И король предался ему, как мертвый. Но его ноги шли во сне, неся сердце из долины в долину под чудным солнцем, тяжелым и низким, таким низким, что приходилось нагибаться, чтобы не удариться лбом об его золотые колючки.

Таким образом, король достиг поля ржи, бархатистого от зеленых и кислых лучей. Его охватило желание повалиться там, подобно ослу, задрав ноги кверху; он так и сделал, с наслаждением, потому что усталость и тошнота сморщили его горло, легкие, желудок и кишки.

Лежа на спине, с голой грудью, он без страха смотрел, как на него быстро спускалось солнце. Быстрота светила была такова, что Мафарка едва успел заметить, как изменилась форма диска. Теперь это была колоссальная курица из массивной меди, простиравшая горизонту крылья света. Когда она была совсем близко от него, она затряслась и упала к нему на грудь.

Мафарка закричал от восторга, сильно задыхаясь:

– О, солнце! О, курица, несущаяся большими, волшебными и золотыми яйцами!.. Вот яйцо моего сердца… Согрей же его, обожги его, высиди его!..

И так как он все еще спал, то ему снилось, что он задремал в глубокой ржи. Боль в груди заставила его подскочить. Это были, конечно, неистовые удары клюва, снизу вверх, о скорлупу его сердца.

– Мой сын! Мой сын! Это ты хочешь родиться!.. – вскричал он. – Мой сын, чудная небесная птица с мелодичными крыльями!

Когда он проснулся, солнце уже исчезло и вечерняя: свежесть распускалась, как огромная влажная роза. Мафарка выпрямился и его рот возжелал испробовать богатую выставку апельсинов, перевозимую облаками, подобно раскаленным телегам, в пышных колеях заката, на вздрагивающих ослепительных колесах.
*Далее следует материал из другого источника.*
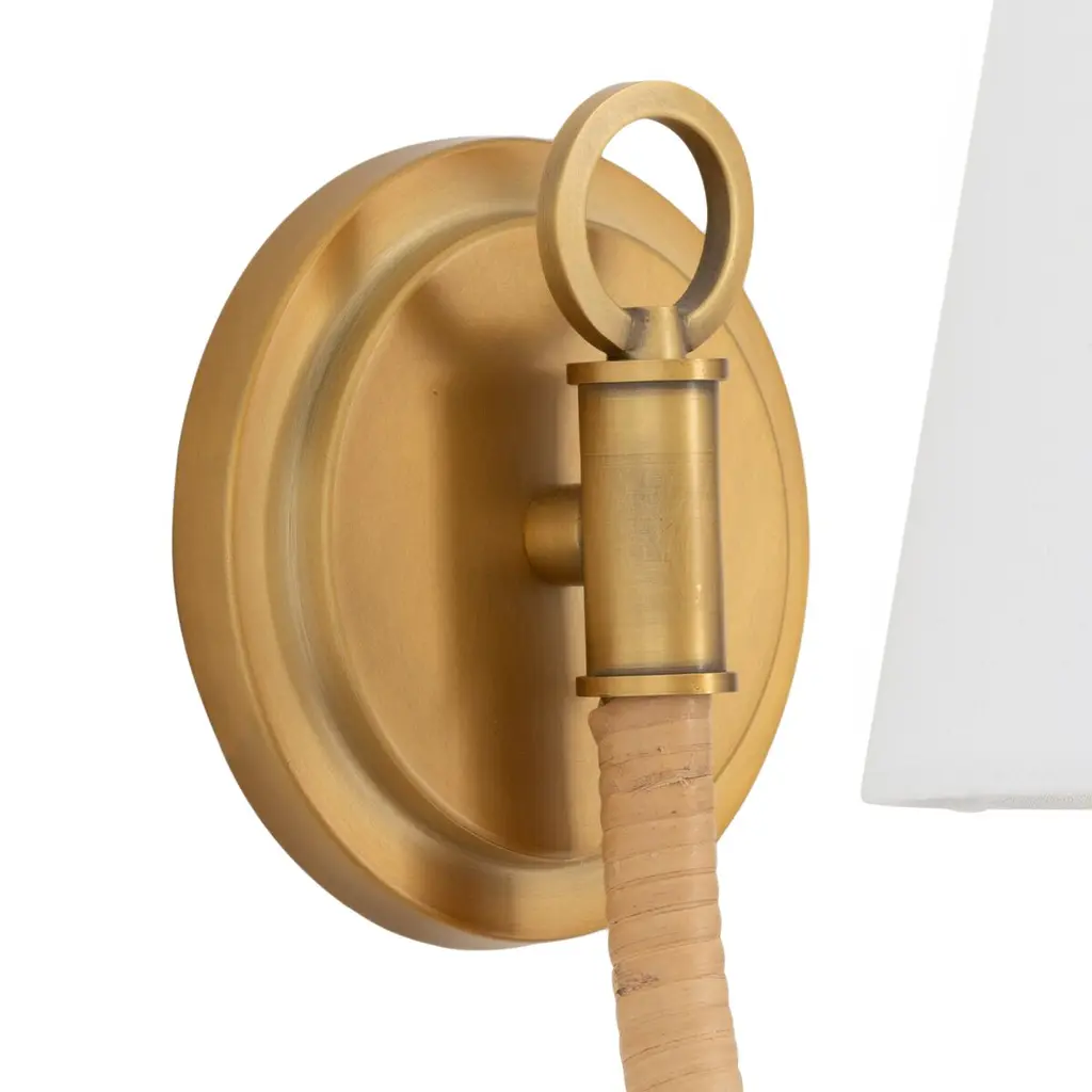 Introducing the Treble Sconce, a timeless addition to your coastal-inspired decor. Featuring a classic bent arm silhouette adorned with a bamboo-wrapped design, this sconce exudes coastal charm and natural elegance. Perfect for bringing a touch of seaside ambiance to any space, the Treble Sconce combines traditional style with organic textures for a truly captivating lighting solution.

Теперь судно скользило между черными барками, косматыми и просмоленными мраком, который медленно надвигался, толкаемый невидимыми гребцами. Тяжелые носы барок враждебные и угрюмые двигались по серебру вод. Узкий канал открылся перед бушпритом и судно извивалось среди полузатопленных земель, мягких и набитых травой, откуда поднимались хрустящими взлетами огромные голубые птицы.

Они были столь великолепны, что юнга долго в экстазе смотрел на них, забыв о руле. Судно село на мель.
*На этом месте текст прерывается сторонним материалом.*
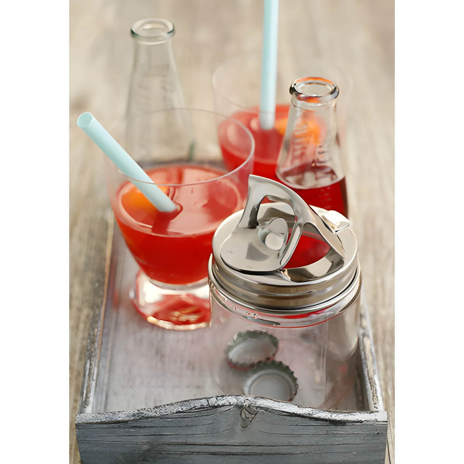 Verwandeln Sie Ihr Glas mit dem Öffnerverschluss in einen multifunktionalen Behälter, der sich so in einen perfekten Flaschenöffner und stilvollen Kronkorken-Sammler verwandelt. Denn neben dem Lösen vom Kronkorken Ihrer Glasflasche hat der Verschluss auch einen breiten Schlitz, durch den die kleinen Deckel einfach ins Glas geworfen und bis zur Entsorgung aufbewahrt werden können. Eine nicht nur ansehnliche, sondern auch saubere und hygienische Lösung auf dem Tisch.

Резким движением Мафарка схватился за руль: он узнал опасный пролив Гандаборру. Перед ними море, выпуклое от движущихся теней и утесов, было непроницаемо. Испугавшись, маленький юнга начал плакать. Мафарка медленно спустил челнок и скользнул в него. Потом, отвязав канат, он стал грести, чуя невидимые рифы, и устремил взор к неясным далям пролива.

Над его головой сине-черное небо, бесконечно далекое, украшалось мириадами звезд. Внезапно король обернулся: парусное судно исчезло. На западе не было ничего, кроме тонкого облака желтого плюша, мягкого от пальцев ветра и похожего на чижа, приглаживающего золотым клювом шелковые крылья.

Мафарка снова взялся за весла, все более и более погружаясь душою в безграничную печаль. Перед ним вырастали высокие утесы и их фасады сказочных храмов выдалбливались сверху до низу гневными тенями, отделенными друг от друга сероватыми колоннами, которые поддерживали фронтон базальтовой горы.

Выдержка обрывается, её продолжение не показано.